= WORK REQUIRED =
Return all the data exactly, keeping the pictures out.

= DATA =
----------------

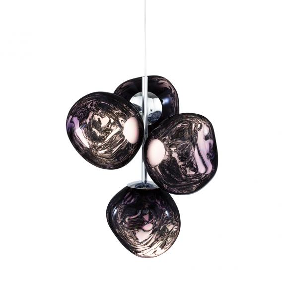 Available in six finishes, this Melt Mini chandelier consists of four orbs protruding from steel tubes, all fitted with an LED module.
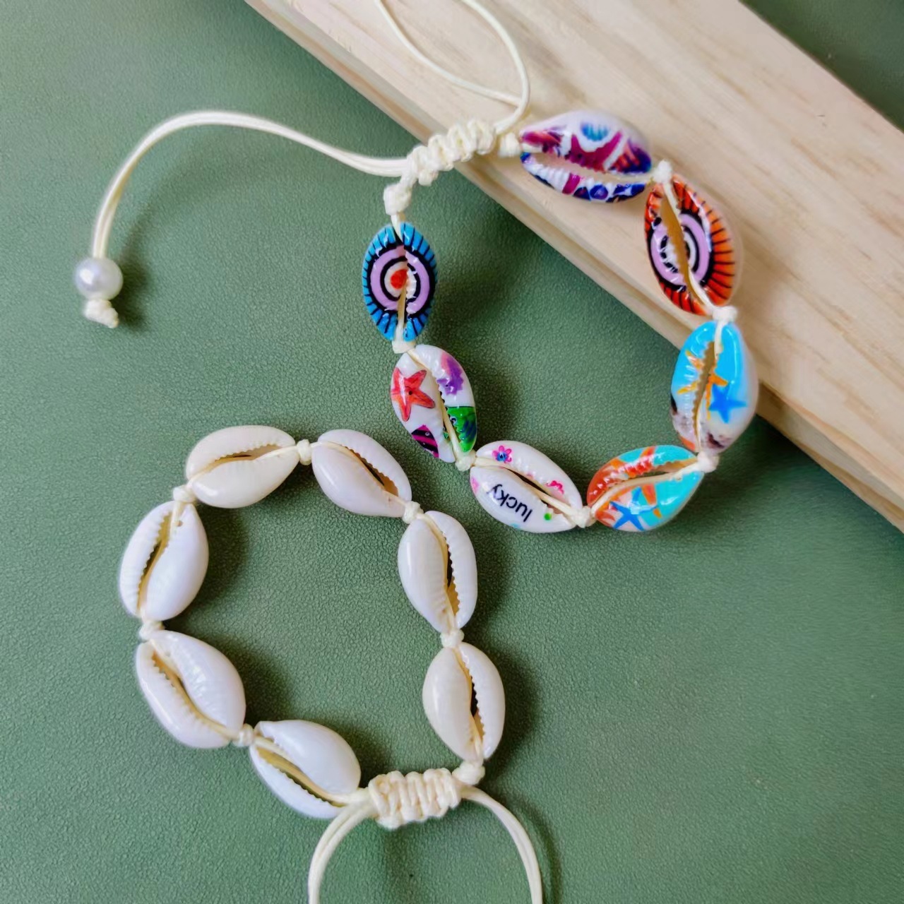 貝殻のブレスレットの金辺の貝のブレスレットの文芸のブレスレットは手綱の旅行の記念品を編みます。
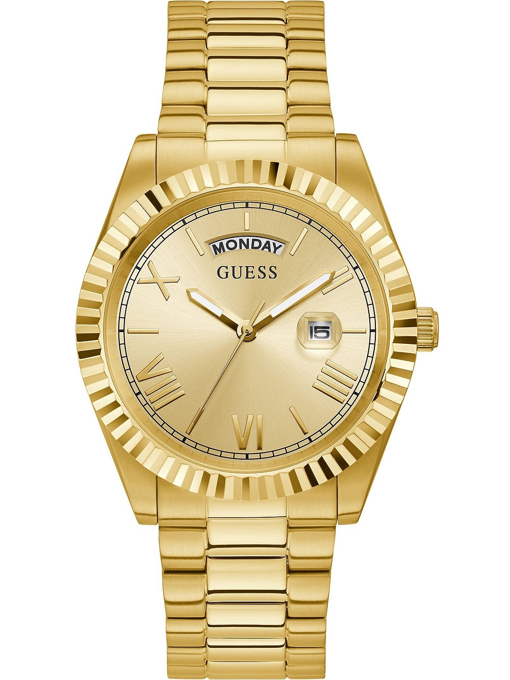 • Manufacturer no.: GW0265G2 • Manufacturer series: Connoisseur Herren 42mm • Functions: Date, Day, Hour, Minute, Second • Movement: Battery (quartz) • Dial color: Golden • Display: Analog • Water resistant: 5 • Bezel: Fixed • Surface finish: Matted, Polished • Case color: Gold • Case material: Stainless steel • Case thickness: 9 • Case width: 42 • Caseback: pressed, Stainless steel bottom • Gender: Mens • Glas: hardened, Mineral glass • Lighting: Illumin. hands • Style: Modern • Strap material: Stainless steel • Strap color: Gold • Lug width: 22 • Clasp: Folding clasp • Max wrist circumferences: 195 • Item weight: 0.14 • Scope of delivery: Box, Instruction, Packaging, Warranty documents
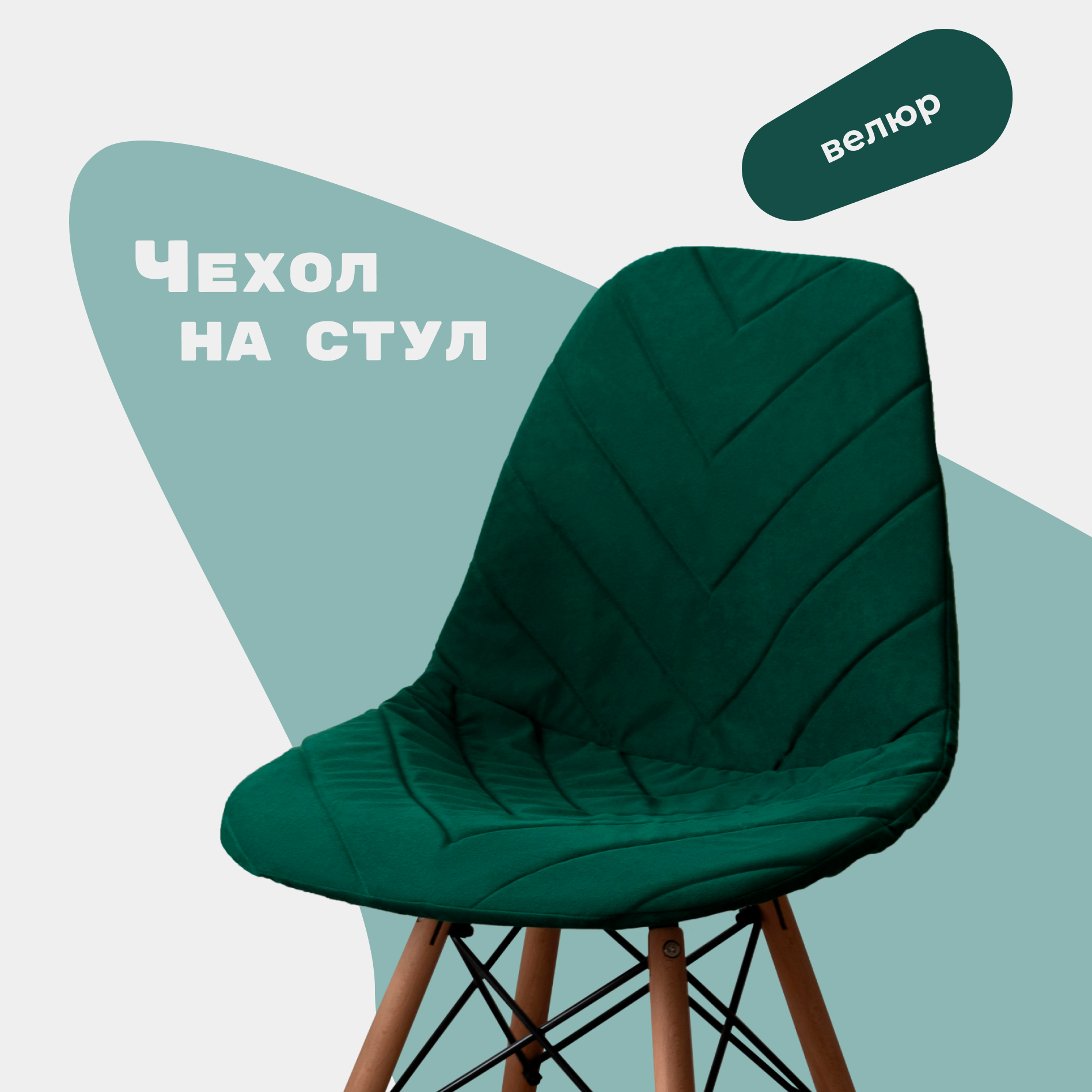 Купить Чехол на стул со спинкой Eames DSW из велюра, изумрудно-зеленый, 40х46см

----------------

= RESPONSE TO THE TASK =
 Available in six finishes, this Melt Mini chandelier consists of four orbs protruding from steel tubes, all fitted with an LED module.
 貝殻のブレスレットの金辺の貝のブレスレットの文芸のブレスレットは手綱の旅行の記念品を編みます。
 • Manufacturer no.: GW0265G2 • Manufacturer series: Connoisseur Herren 42mm • Functions: Date, Day, Hour, Minute, Second • Movement: Battery (quartz) • Dial color: Golden • Display: Analog • Water resistant: 5 • Bezel: Fixed • Surface finish: Matted, Polished • Case color: Gold • Case material: Stainless steel • Case thickness: 9 • Case width: 42 • Caseback: pressed, Stainless steel bottom • Gender: Mens • Glas: hardened, Mineral glass • Lighting: Illumin. hands • Style: Modern • Strap material: Stainless steel • Strap color: Gold • Lug width: 22 • Clasp: Folding clasp • Max wrist circumferences: 195 • Item weight: 0.14 • Scope of delivery: Box, Instruction, Packaging, Warranty documents
 Купить Чехол на стул со спинкой Eames DSW из велюра, изумрудно-зеленый, 40х46см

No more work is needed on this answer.